__WHAT THIS TASK INVOLVES__:
Print the line containing "Termo circular de" and all lines after it, unchanged, through the end of the data. Leave the pictures out.

__DATASET EXCERPT__:
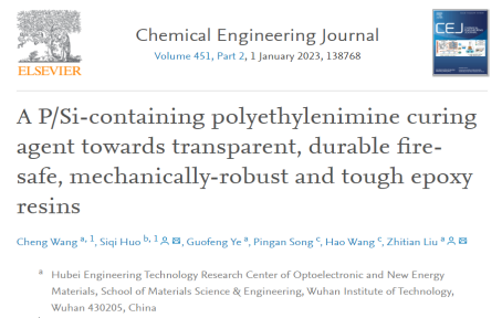 (通讯员:柯贤忠 王成)近日,中国77779193永利集团光电与新能源材料团队博士研究生王成(导师:刘治田教授)在阻燃增韧环氧树脂研究方面取得创新性进展。研究成果以“A P/Si-containing polyethylenimine curing agent towards transparent, durable fire-safe, mechanically-robust and tough epoxy resins”为题,在国际化工顶级期刊《Chemical Engineering Journal》(一区Top期刊,IF=16.74)上在线发表。
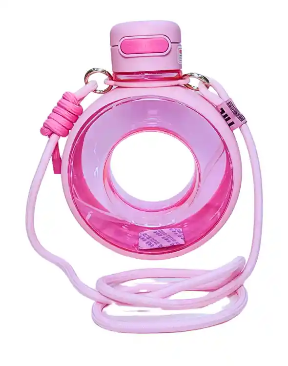 Termo circular de plástico, incluye pitillo y cordón para colgar, tipo de boquilla en rosca.
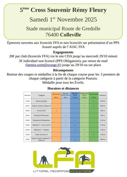– le samedi 1er novembre : cross de Colleville (76400, prĂŞt de FĂ©camp)
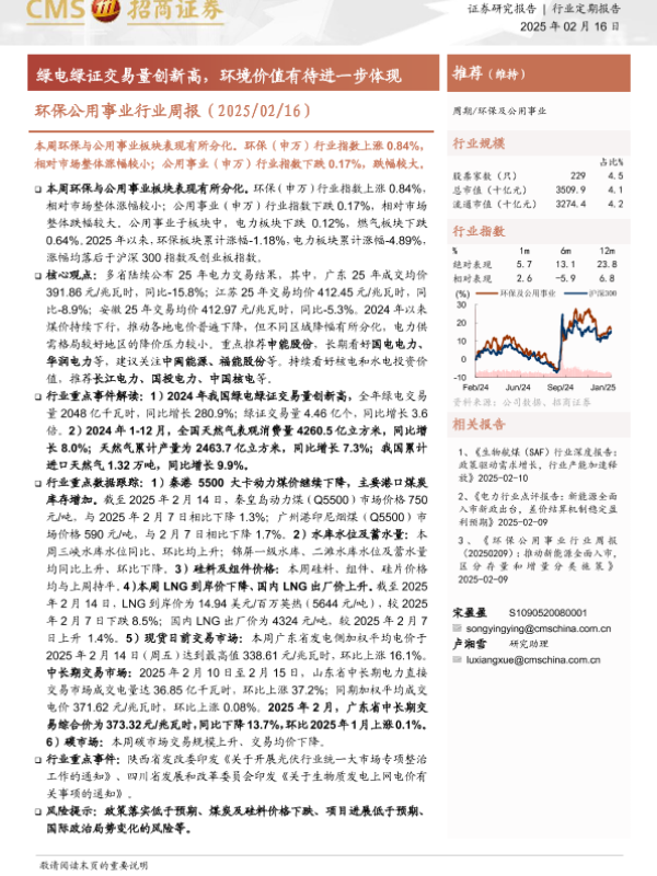 【海通证券】【20250216】环保公用事业行业周报:绿电绿证交易量创新高,环境价值有待进一步体现-18页 行业研究

__OUTPUT OF THE EXERCISE__:
 Termo circular de plástico, incluye pitillo y cordón para colgar, tipo de boquilla en rosca.
– le samedi 1er novembre : cross de Colleville (76400, prĂŞt de FĂ©camp)
 【海通证券】【20250216】环保公用事业行业周报:绿电绿证交易量创新高,环境价值有待进一步体现-18页 行业研究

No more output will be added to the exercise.